### Given data
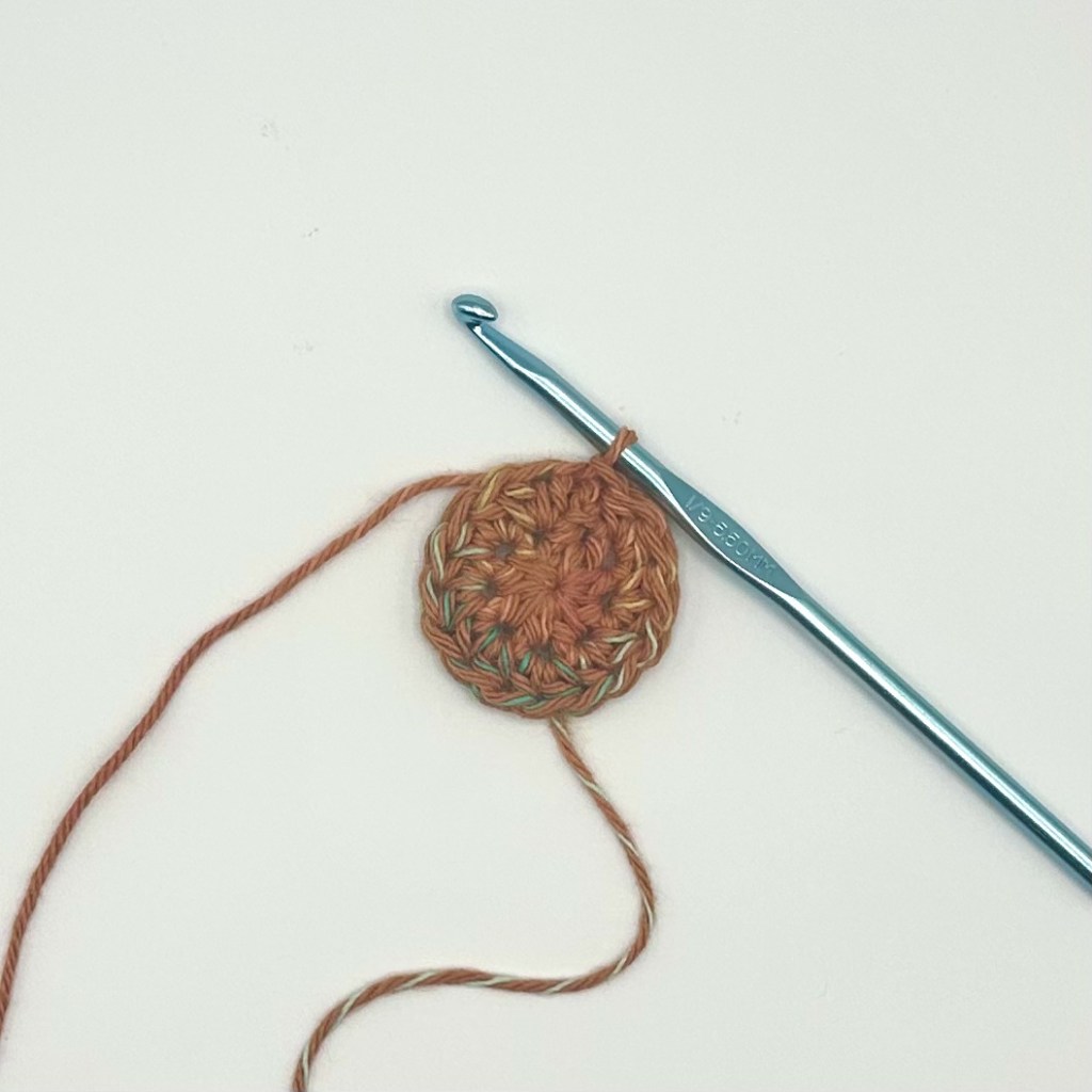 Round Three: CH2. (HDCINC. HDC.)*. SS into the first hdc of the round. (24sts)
* * *
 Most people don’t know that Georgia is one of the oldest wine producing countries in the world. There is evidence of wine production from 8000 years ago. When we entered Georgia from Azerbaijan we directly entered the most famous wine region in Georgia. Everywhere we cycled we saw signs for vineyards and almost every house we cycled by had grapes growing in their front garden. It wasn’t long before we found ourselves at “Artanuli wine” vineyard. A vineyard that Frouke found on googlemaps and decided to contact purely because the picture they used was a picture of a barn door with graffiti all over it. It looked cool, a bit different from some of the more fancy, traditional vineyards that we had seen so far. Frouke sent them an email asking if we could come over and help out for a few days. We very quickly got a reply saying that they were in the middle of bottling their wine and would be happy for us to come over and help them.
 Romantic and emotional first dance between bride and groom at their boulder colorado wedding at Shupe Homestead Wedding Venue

### Instructions for the task
Looking at the data above, write out exactly the lines that start at the one containing "Most people don’t" and end at the one containing "Romantic and emotional"; include both and nothing beyond.

### Written solution
 Most people don’t know that Georgia is one of the oldest wine producing countries in the world. There is evidence of wine production from 8000 years ago. When we entered Georgia from Azerbaijan we directly entered the most famous wine region in Georgia. Everywhere we cycled we saw signs for vineyards and almost every house we cycled by had grapes growing in their front garden. It wasn’t long before we found ourselves at “Artanuli wine” vineyard. A vineyard that Frouke found on googlemaps and decided to contact purely because the picture they used was a picture of a barn door with graffiti all over it. It looked cool, a bit different from some of the more fancy, traditional vineyards that we had seen so far. Frouke sent them an email asking if we could come over and help out for a few days. We very quickly got a reply saying that they were in the middle of bottling their wine and would be happy for us to come over and help them.
 Romantic and emotional first dance between bride and groom at their boulder colorado wedding at Shupe Homestead Wedding Venue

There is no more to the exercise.